In "Mitt Quits. Again. Probably." the NYT's resident satirist, Gail Collins, acutely assesses the man: "Romney has mutated a lot in the time we’ve known him, but the one clear, shining quality that never wavers is his complete inability to make a strong, clear statement."
The latest iteration of Mitt's marvelous circumlocutory powers is of course his instantly famous "That seems unlikely," when asked, by his own imagination, if he would ever change his mind — "Again." — not to run. So Mitt's completely out, although he's not entirely out. Perhaps he's only plotting a 2020 run against President Clinton, or a 2024 run against Chelsea, or maybe he's laying the groundwork to tackle Charlotte Clinton Mezvinsky in 2052; or maybe, just maybe he'll be back yet, this year or next.

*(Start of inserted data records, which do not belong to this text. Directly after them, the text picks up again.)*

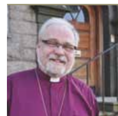
Atle Sommerfeldt Biskop
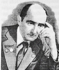
Xalq şairi Hüseyn Arif
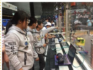
團隊齊心齊力、聚精會神，爭取獲勝機會
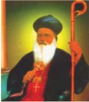
പാലുസ് മോർ അത്തനാസിയോസ് (കടവിൽ തിരുമേനി) നവംബർ 2
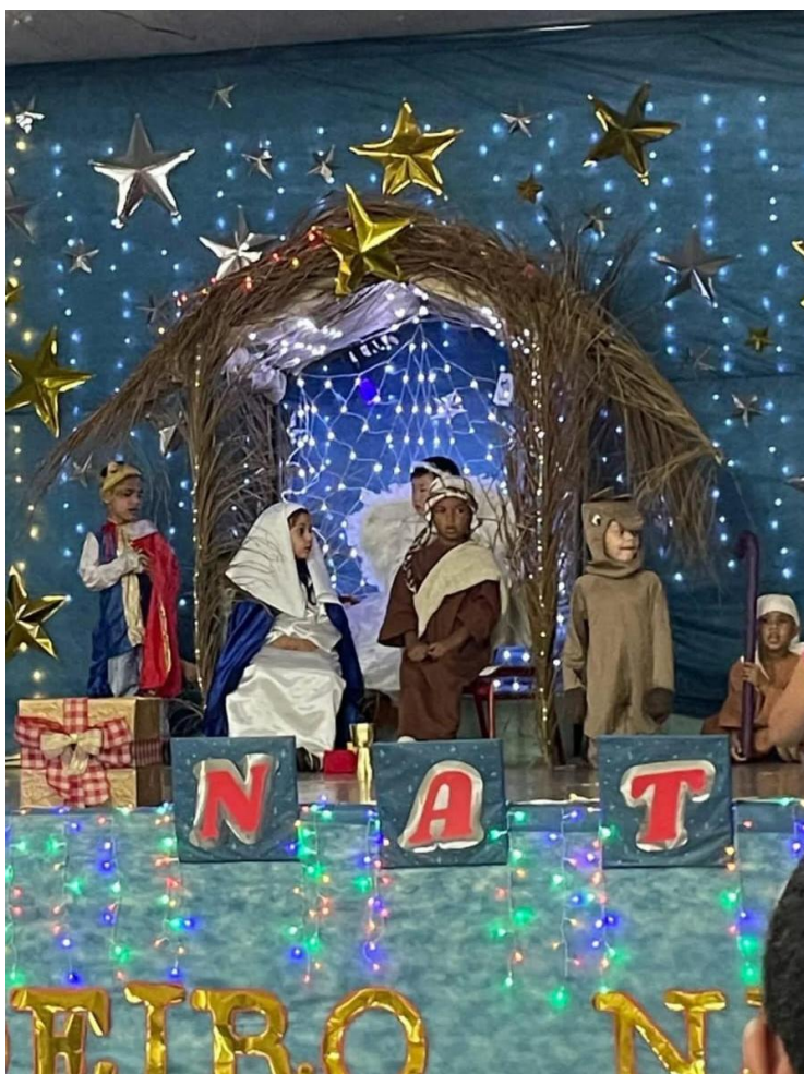
Auto de Natal
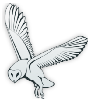
Kalmar läns Arkivförbund
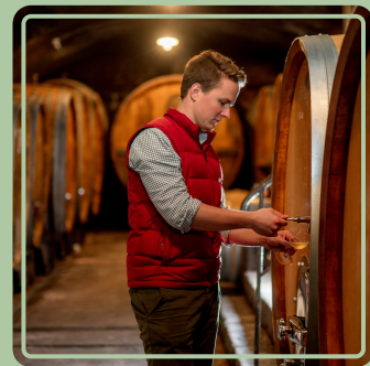
Weinprobe mit dem Winzer
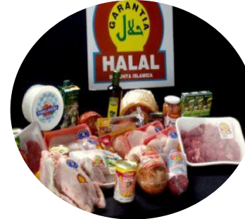
Certificación de Alimentos Halal
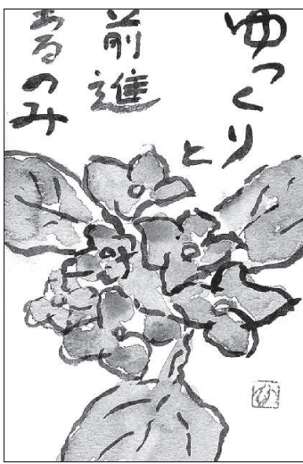
長野・上田市 中村紘子 (82)
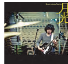
因みに今をときめく斉藤和義の「月光」は久々にロックしていて心地よいです
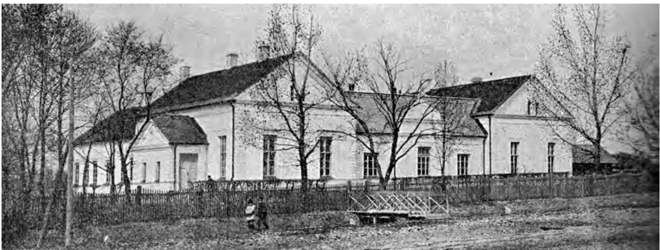
Лікарня у м. Шпиків (фото поч. ХХ ст.)

Розпорядок робочого дня у Шпиківському маєтку на початку ХХ ст. виглядав наступним
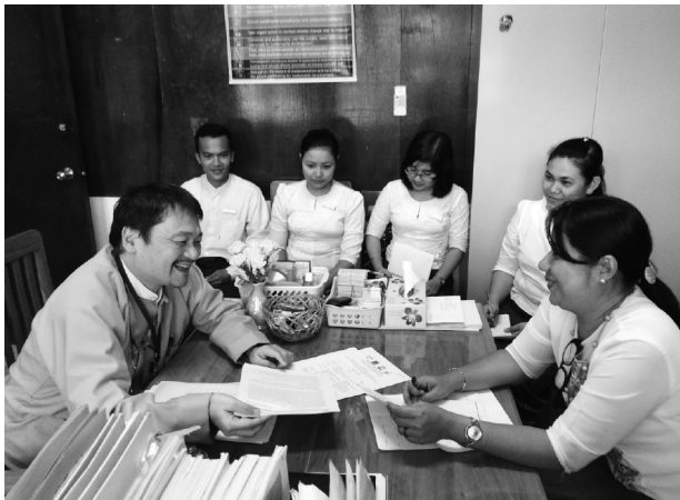
ミャンマー投資企業管理局で助言を行う専門家

従来、専門家派遣では、関係省庁に専門家候補者の推薦を依頼するケースが多かったが、1997年度からは専門家の公募を実施している。1999年8月に外務省によりODA中期政策が策定され、JICAでは2000年1月に地域部が設置されたことにより、開発途上国それぞれの開発課題とともに、従来以上に人材育成や制度、政策などのソフト面での協力を重視し、多様なメニュー（個別専門家、プロジェクト方式技術協力、チーム派遣、研究協力、重要政策中枢支援、第三国専門家 ●3 、開発パートナー事業、国民参加型専門家など）で対応できる体制となった。
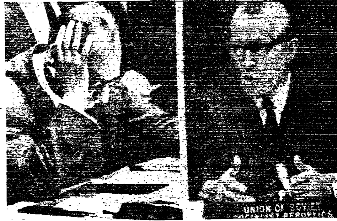
المستر جاكوب مالك مندوب الاتحاد السوفياتي ، والمستر جيري هاجيكوزير خارجية نيكوسولافيا اتقاء مناقشة قضية نيكوسولافيا في مجلس الامن «صورة لاسلكية لليونانديتريس خاصة بالمستور»

وقال التطورات في نيكوسولافيا بظواهرها الطويلة في بولندا خلال شهر يقدم انخر اتواع متقابل تكسي اكسبرسي
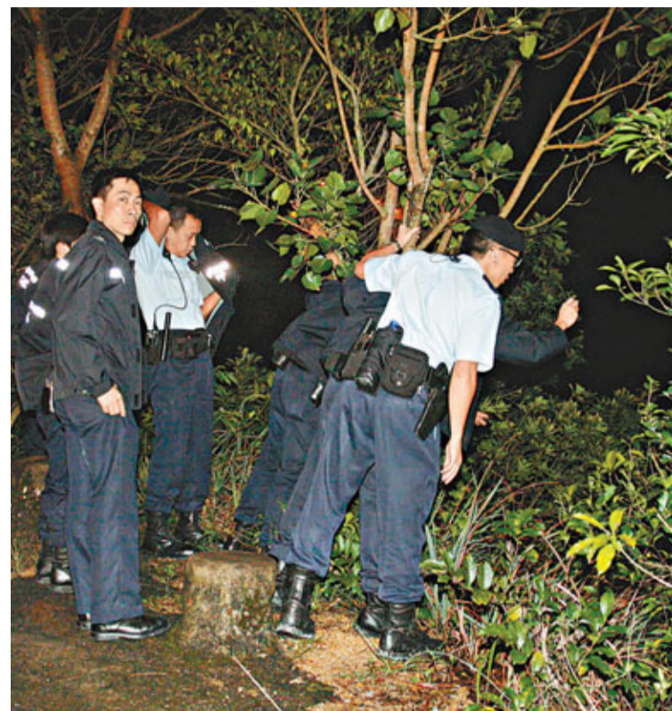
警方機動部隊警員漏夜在慈雲山搜索被困峭壁的弑夫女疑兇。
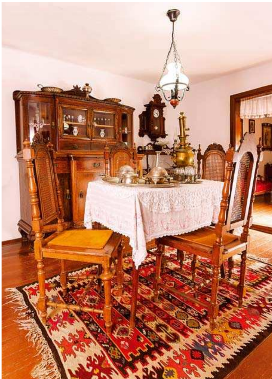
Ентеријер са делом трпезарије Мокрањчеве спомен куће у Неготину.

Поједини предмети који потичу из заоставштине неготинских градских трговаца, а којима је спомен поставка допуњена и контекстуализована, припадају групи декоративних објеката свакодневице. Произвођени су полуиндустријски у серијама, штанцовани углавном од различитих легура уколико су били од метала, и као такви, тековина су истористичке епохе исто колико и технике галванопластике и посребривања којим су израђивани. Намењени
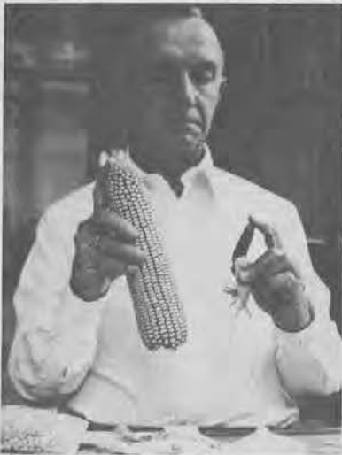
BLANCO, CO SEU MILLO Liñas puras, espigas grandes
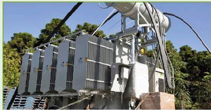
Nuevo transformador de la Estación Transformadora Flandria

2. Ampliación de Capacidad de Transformación Estación Transformadora Luján II: Se adjudicó la obra a la Empresa PROA S.A. por un monto de $14.700.000. Se está en la Etapa de Replanteo y Proyecto.
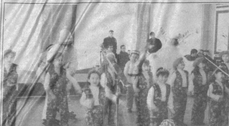
СУРАТЛАРДА: Янгийул шаҳрида бўлиб ўтган «Президент арчаси» байрамидан лавҳалар.
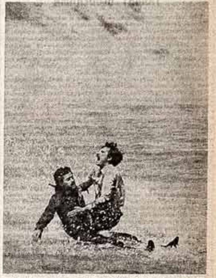
«Ветреное море» — новая совместная постановка советских и чехословацких кинематографистов. Фильм рассказывает о блоке гавани Советской армии в Закарпатье и об участии чехских интернационалистов в борьбе Красной Армии за освобождение Астрахани и Валу от белоохранцев.
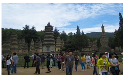
ป่าเจดีย์
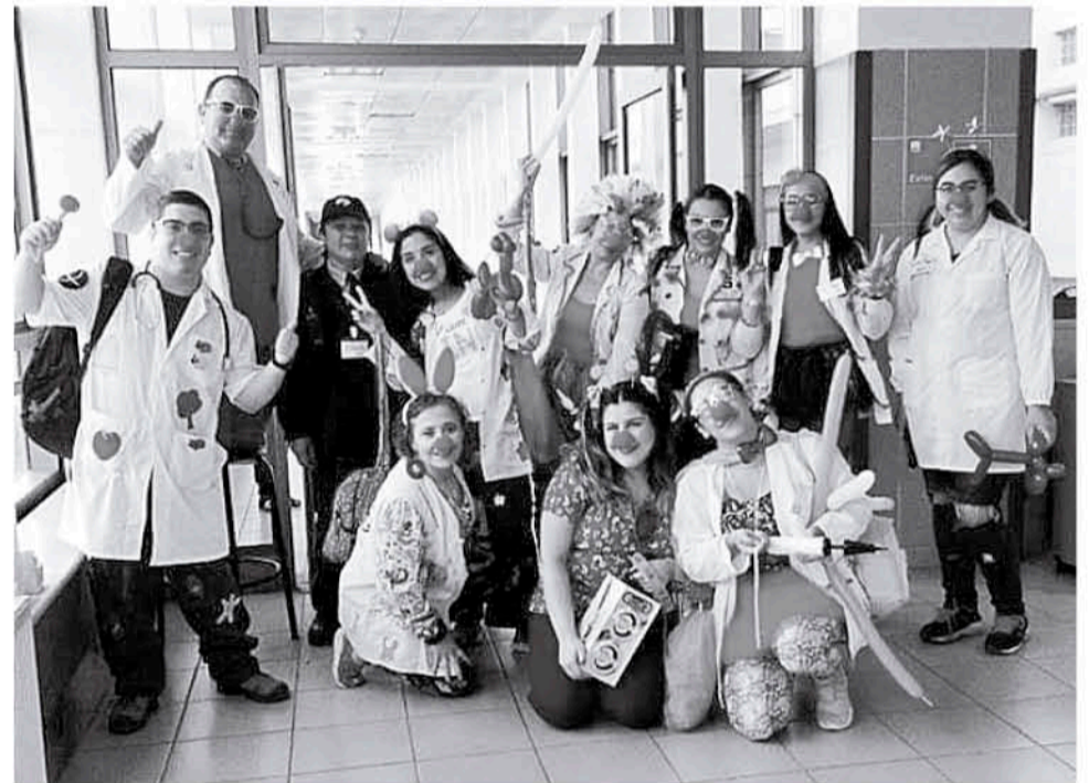
LA AGRUPACIÓN HOY es integrada por veinte personas.

De la misma forma, el presidente de la asociación manifestó que “esta es una medicina alternativa como la llamamos nosotros, a partir de la risa se producen cambios químicos en el cuerpo, que aporta e influyen en recuperarse a las personas en cuanto al estado de ánimo y la psicología de estar ahí, porque recordemos que cuando uno está en el hospital aparte de la enfermedad física también está la mental, donde no
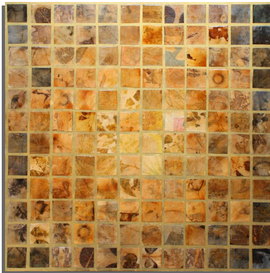
Centoquarantaquattro 70x70 cm tecnica mista su tavola anno 2024
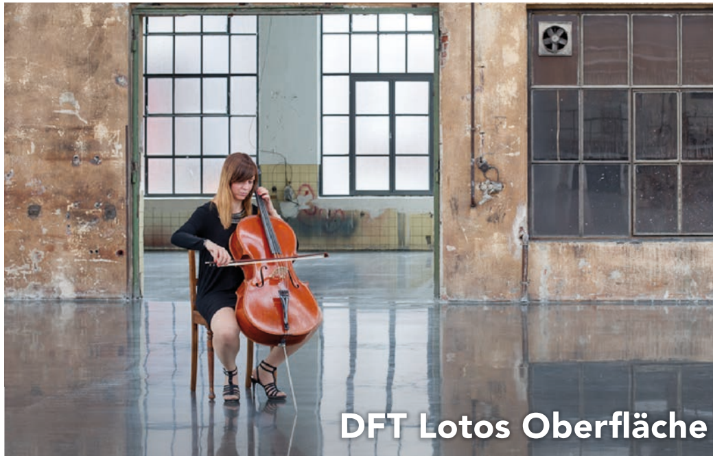
DFT Lotos Oberfläche
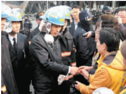
1月8日下午,韩国当选总统李明博(中)与利川市救援人员握手。

7日上午,位于韩国京畿道利川市户法面柳山里的冷冻物流仓库“KOREA2000”发生重大火灾。在堆满化学物质的冷冻仓库里,工人们没带一件像样的安全装备工作,现场的洒水装置等灭火安全设备根本没有启动。该企业对安全问题麻木不仁的做法,再次酿成夺走多人性命的大型惨案。
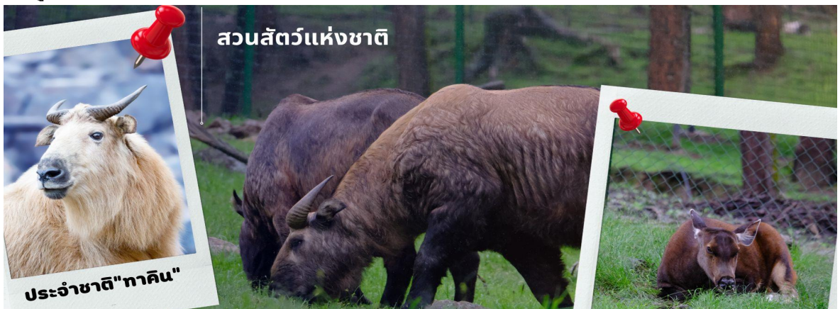
สวนสัตว์แห่งชาติ

นำท่านชม สวนสัตว์แห่งชาติของประเทศภูฏาน และชมสัตว์ประจำชาติ ทาคิน ที่มีรูปร่างลักษณะพิเศษผสมระหว่างแพะกับวัว มีแห่งเดียวในประเทศภูฏานเท่านั้น ซึ่งครั้งหนึ่งประเทศสหรัฐอเมริกาเคยเจรจาออกไปเลี้ยงแต่ได้รับการปฏิเสธจากรัฐบาลประเทศภูฏาน ทาคิน เป็นสัตว์ในตำนานประวัติศาสตร์ของศาสนาพุทธ โดยเชื่อว่าท่านลามะ Drukpa Kunley เป็นผู้สร้างขึ้นจากกระดูกของแพะและวัวที่ท่านได้ทานเป็นอาหาร กองกระดูกก็กลับมามีชีวิตอีกครั้งกลายเป็น ตัวทาคิน ที่มีลักษณะคล้ายกับแพะและวัวผสมกัน
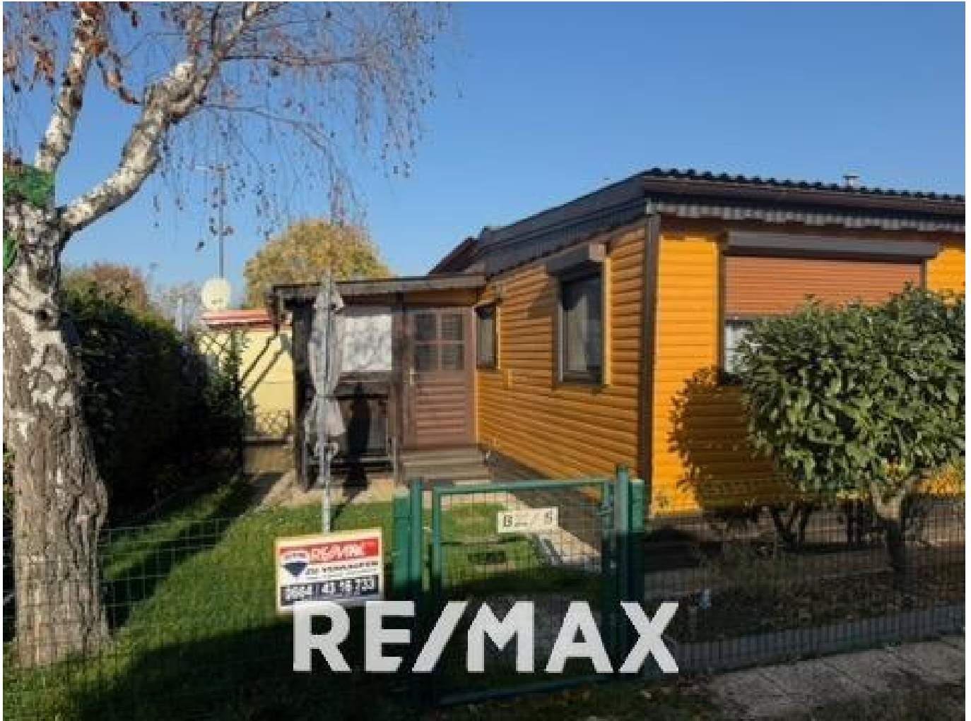
Ansicht vom Weg
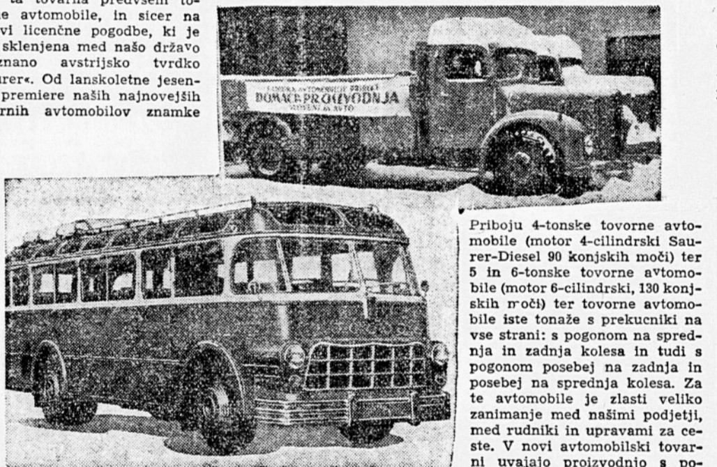
Zgoraj: dva iz kolone osmih 6-tonskih tovrstnih avtomobilov iz Priboja, ki so jih pripeljali v Ljubljano na zadnji dan starega leta; spodaj: moderni »Saurer« avtomobili, ki bodo tudi tega bomo že v kratkem občudovali v Ljubljani

Umetnica je na razstavi zbrala štirinajst olj, med katerimi prevladujejo portreti in tihotižja. Njene značilnosti so posebno vidne v držnih barvnih prijemih, pa tudi v vsebini iz prihaja do izraza osebno življenjsko občutje. Razstava je zanimiva zlasti v času, ko tudi pri nas opažamo vsakovrstna iskanja in poživljeno prizadevanje v likovnem izrazu.
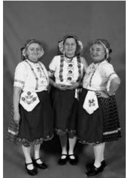
3. kép. Hagyományos helyi szlovák népviseletbe „visszaöltöztetett” asszonyok egy műtermi csoportképen
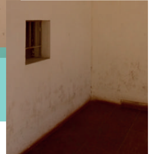
Antigua ventanillas de boletería y entradas del Teatro Municipal de Cabildo. Costado derecho.
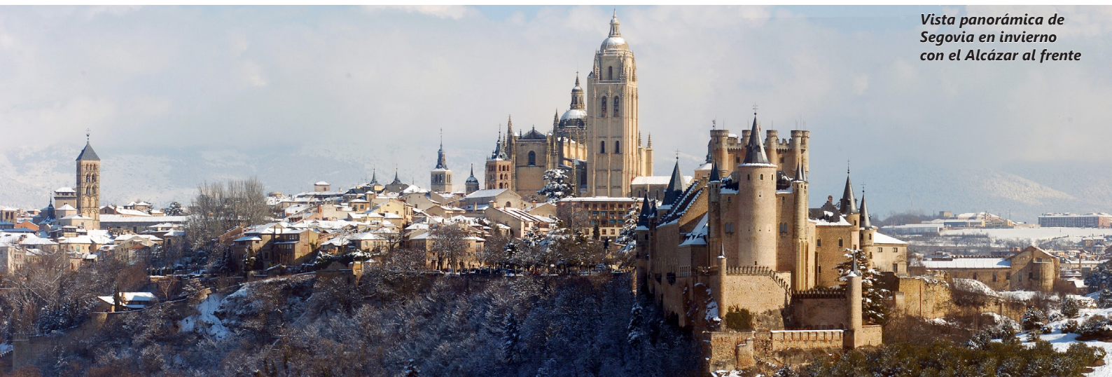
Vista panorámica de Segovia en invierno con el Alcázar al frente

1966年、セゴビア生まれ。マドリッド・コンプルテンセ大学卒業（英語文献学）。ニューヨーク・ロンチェスター大学修士・博士課程修了（言語と認知脳科学博士）。1996年から神戸市外国語大学で教鞭をとり現在同大学教授。研究分野は言語学、言語処理、第二言語習得法に及ぶ。大学院生のための奨学金を通して文科省が助成する日本語話者のスペイン語学習法に関する調査チームを指揮。著書及び国際的専門誌への発表論文多数。スペイン語、英語、日本語で社会的テーマに関わる講演やコラムの執筆も行う。
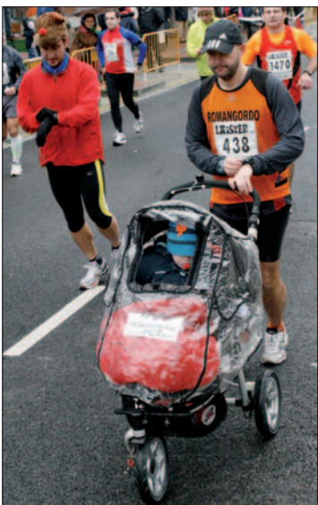
31 de diciembre, San Silvestre. / David Calle
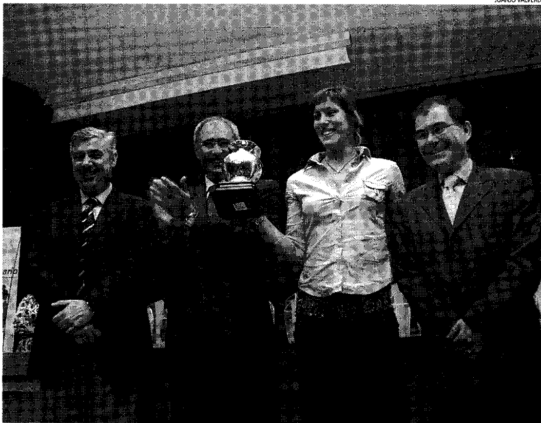
La III Gala del Deporte Universitario premió el trabajo de los deportistas universitarios.

En este sentido, el rector tuvo palabras de reconocimiento para todos los galardonados, especialmente para los 88 deportistas que representaron a la UCLM a nivel
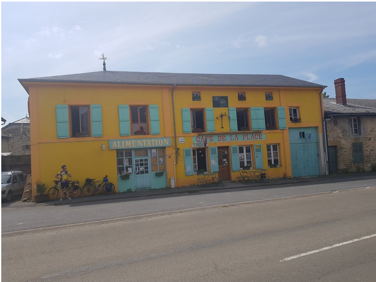
Le café de la place à Briulles sur Bar.

Nous rentrons alors dans le département des Ardennes à Apremont, et il faut bien reconnaître que le relief est bien âpre. Il y a vraiment une succession de raidillons avec des villages haut perchés. Nous nous ravitaillons une dernière fois à Briulles-sur-Bar où le café-épicerie vaut vraiment le détour pour ses couleurs chatoyantes et pour son patron haut en couleur aussi. Nous escaladons quelques bosses avant une plongée vers la Meuse, notre fleuve préféré. Nous empruntons la voie verte pour rejoindre Charleville où nous mangerons un bon repas pizza sur la place ducale. Ce sera le seul repas pris en terrasse lors de ce voyage où nous en avons vu de toutes les couleurs.
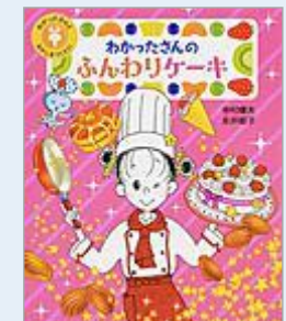
3. わかったさんのふんわりケーキ

This, I know, is the thinnest of pixie-dusted reeds upon which I have ever seized. Like Fredo Corleone, Mitt broke my heart yesterday with his sudden betrayal of appearances and faithless disengagement from the field. But unlike Michael, I'm willing to forgive. I need, his party needs, yea no less than the nation needs Capo Romney back in the game; for without him, what have we but a breathtakingly stale, mostly untested and pitiably chaotic crop of GOP mobsters?
Fredo "the Pol" Romney, you see, operated on a firm, Al Frankenlike philosophical foundation: He was smart enough, he was good enough, and gosh darnit he deserved it. He was clueless from there on out, but at least in Fredo R. we saw an almost Nietzschean will to power, based merely on limitless ego, a Gottian readiness to screw the Everyman, and a consequent few hundred million dollars.
Is this not the personalized core of the fetid, pseudoconservative, gangster-swarming Republican Party? Does some lowlife underboss like Ted Cruz or passed-over wannabe like Bu… or sleepy sociopath like (gasp!) Scott Walker think he can really fill the Louis Vuitton shoes of visionary Fredo "the Pol" Romney?
I think not. And Romney, as he articulated in his garbled confession yesterday, knows that is sure as hell not the case. So, to mix cinematic metaphors, Mitt … Mitt … Come back!